I'll denote the canonical stress tensor density by $𝔓^ρ_ν$. In terms of the Lagrangian density, it is defined by: $$𝔓^ρ_ν = \frac{∂𝔏}{∂\left(∂_ρ A_μ\right)} ∂_ν A_μ - δ^ρ_ν 𝔏.$$ The derivative with respect to the gradient $∂_ρ A_μ$ matches the response field: $$\frac{∂𝔏}{∂\left(∂_ρ A_μ\right)} = -𝔊^{ρμ}.$$ Therefore, $$𝔓^ρ_ν = -𝔊^{ρμ} ∂_ν A_μ - δ^ρ_ν 𝔏.$$

The stress tensor density, denoted here by $𝔗^ρ_ν$, is given in terms of the canonical stress tensor density by a Belinfante correction: $$𝔗^ρ_ν = 𝔓^ρ_ν + ∂_μ 𝔭^{ρμ}_ν.$$ The tensor density involved in this addition is anti-symmetric $𝔭^{ρμ}_ν = -𝔭^{μρ}_ν$, which ensures that both stress tensor densities have the same divergence. It is determined, ultimately, by the behavior of $A_μ$ under Lorentz transforms and works out to the following expression: $𝔭^{ρμ}_ν = 𝔊^{ρμ} A_ν$. Taking the divergence with respect to $μ$ and ... applying the Euler-Lagrange equation for the response field and source ... we get: $$\begin{align} ∂_μ 𝔭^{ρμ}_ν &= ∂_μ 𝔊^{ρμ} A_ν + 𝔊^{ρμ} ∂_μ A_ν \\ &= 𝔍^ρ A_ν + 𝔊^{ρμ} ∂_μ A_ν. \end{align}$$ Finally, upon substitution, we get: $$\begin{align} 𝔗^ρ_ν &= -𝔊^{ρμ} ∂_ν A_μ - δ^ρ_ν 𝔏 + 𝔍^ρ A_ν + 𝔊^{ρμ} ∂_μ A_ν \\ &= 𝔊^{ρμ} F_{μν} + 𝔍^ρ A_ν - δ^ρ_ν 𝔏, \end{align}$$ where the equation $F_{μν} = ∂_μ A_ν - ∂_ν A_μ$ is used.
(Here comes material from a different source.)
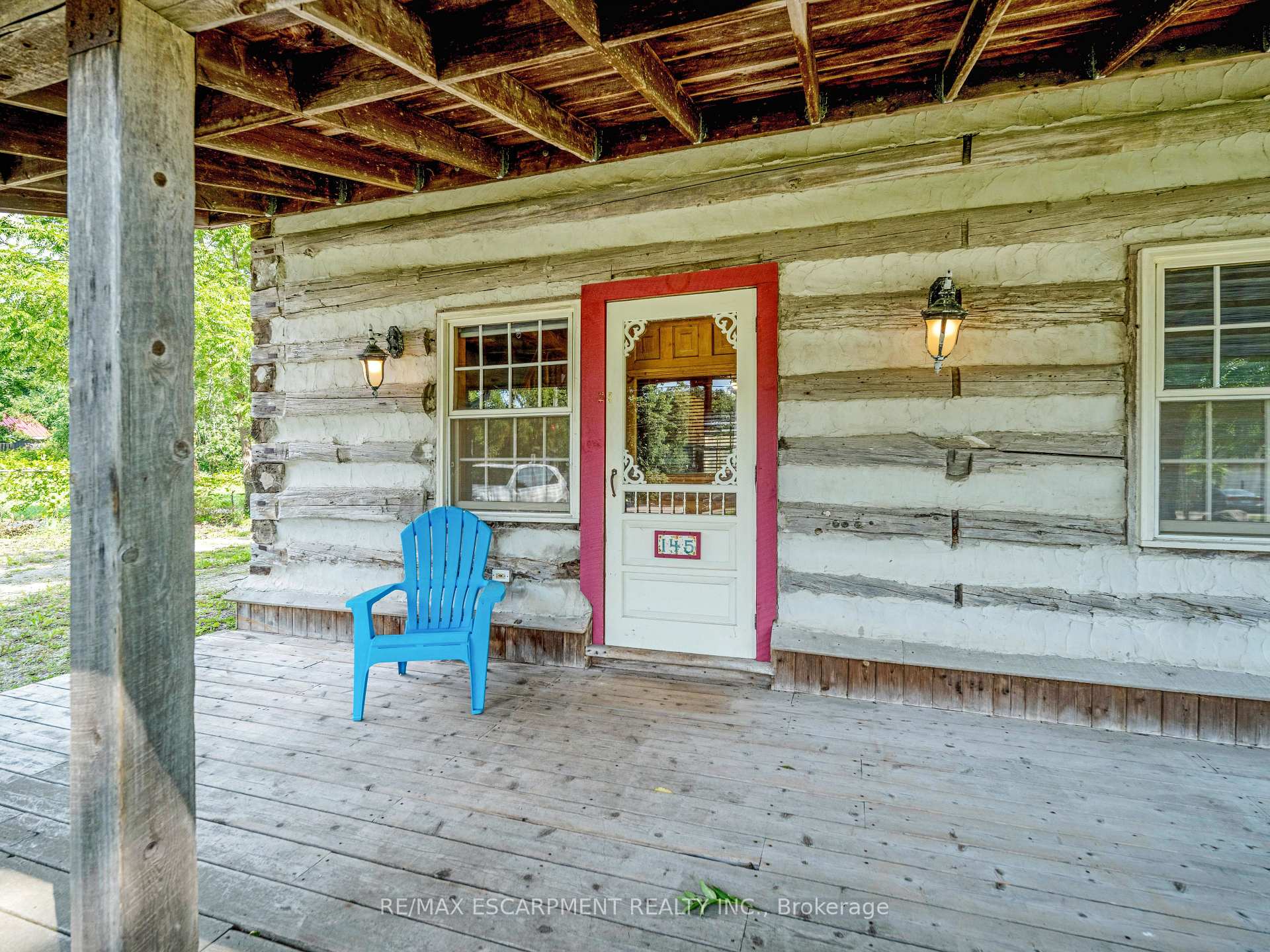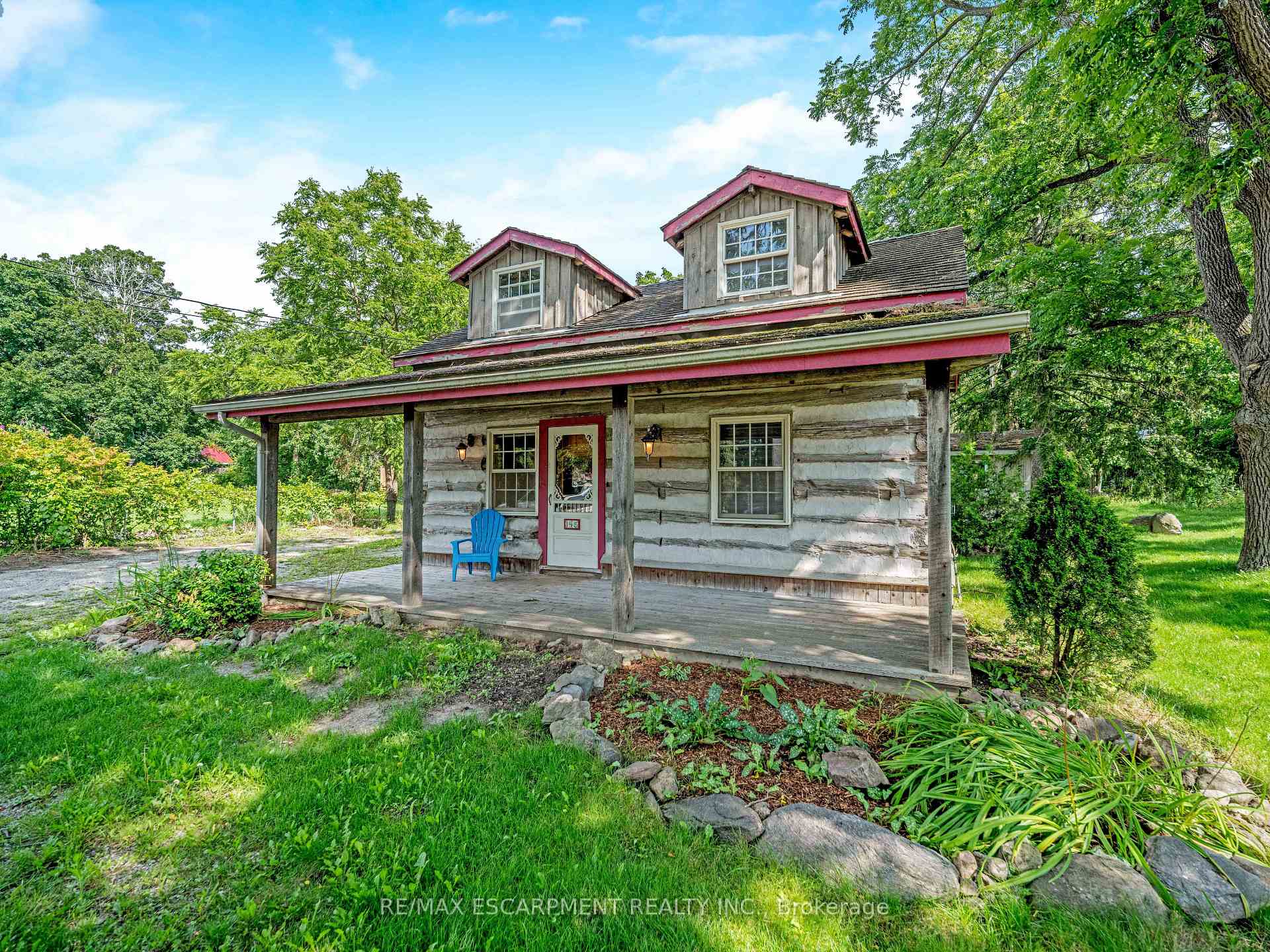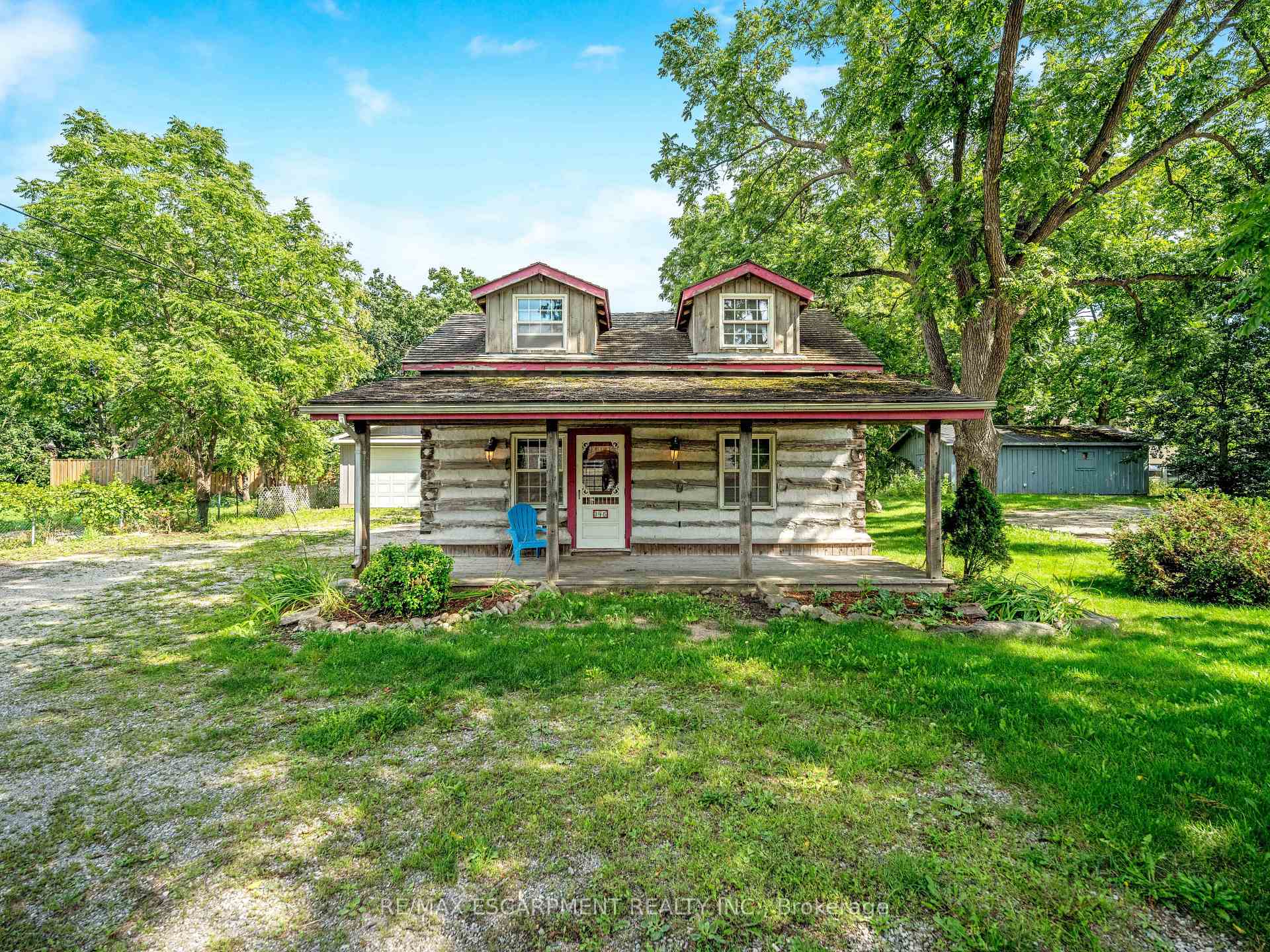 This charming log home is situated on a large mature lot in the heart of Rockwood. With a covered front porch you can sit outside and watch small town life from your rocking chair or enjoy some quiet time on the backyard patio. The floor plan is open concept with the living room and dining room having a catherdal beamed ceiling. Wide plank pine floors adorn the main floor. A generous loft is the perfect place for your bedroom, overlooking the main floor. Dormer windows provide natural light into the loft. The heated and insulated double garage/workshop is the perfect place for your cars and toys. Just 15 minutes to Guelph and 20 minutes to the 401, this home is conveniently located.

Upon substitution of the tensor densities for the response and source fields and Lagrangian, with a little index-switching, we get: $$𝔗^ρ_ν = \sqrt{|g|} \left(F^{ρμ} F_{μν} + m^2 A^ρ A_ν - δ^ρ_ν \left(-\frac 1 4 F^{αβ} F_{αβ} + \frac 1 2 m^2 A^α A_α\right)\right).$$ When de-densitized and index-lowered with the metric $g_{μρ}$ to the symmetric stress tensor $T_{μν} = g_{μρ} 𝔗^ρ_ν/\sqrt{|g|}$, the result (with a little more index-switching) is: $$T_{μν} = F_{μα} g^{αβ} F_{βν} + m^2 A_μ A_ν - g_{μν} \left(-\frac 1 4 F^{αβ} F_{αβ} + \frac 1 2 m^2 A^α A_α\right).$$

Most of the answer present is independent of the details of your Lagrangian, and has been addressed generically. The continuity equation for the stress tensor density can be addressed generically by using the Euler-Lagrange field equation, along with the continuity equation for the source density (derived from it): $∂_μ 𝔍^μ = ∂_μ ∂_ν 𝔊^{μν} = 0$, that follows due to the anti-symmetry of $𝔊$: $$\begin{align} ∂_ρ 𝔗^ρ_ν &= ∂_ρ 𝔊^{ρμ} F_{μν} + 𝔊^{ρμ} ∂_ρ F_{μν} + ∂_ρ 𝔍^ρ A_ν + 𝔍^ρ ∂_ρ A_ν - ∂_ν 𝔏 \\ &= -𝔍^μ F_{μν} + 𝔊^{ρμ} ∂_ρ F_{μν} + 𝔍^ρ ∂_ρ A_ν - ∂_ν 𝔏 \\ &= -𝔍^μ \left(∂_μ A_ν - ∂_ν A_μ\right) + \frac 1 2 𝔊^{ρμ} \left(∂_ρ F_{μν} - ∂_μ F_{ρν}\right) + 𝔍^μ ∂_μ A_ν - ∂_ν 𝔏 \end{align}$$

Noting that $$∂_ρ F_{μν} - ∂_μ F_{ρν} = -∂_ν F_{ρμ},$$ which follows from $F_{μν} = ∂_μ A_ν - ∂_ν A_μ$, we get: $$\begin{align} ∂_ρ 𝔗^ρ_ν &= 𝔍^μ ∂_ν A_μ - \frac 1 2 𝔊^{ρμ} ∂_ν F_{ρμ} - ∂_ν 𝔏 \\ &= \frac{∂𝔏}{∂A_μ} ∂_ν A_μ + \frac 1 2 \frac{∂𝔏}{∂F_{ρμ}} ∂_ν F_{ρμ} - ∂_ν 𝔏. \end{align}$$ Again, noting the double-counting for the derivatives with respect to $F_{ρμ}$, the first two terms add up to the result of applying the chain rule to $∂_ν 𝔏$ - provided that $𝔏$ has no explicit coordinate dependence (such as: from external fields) - so that the divergence cancels.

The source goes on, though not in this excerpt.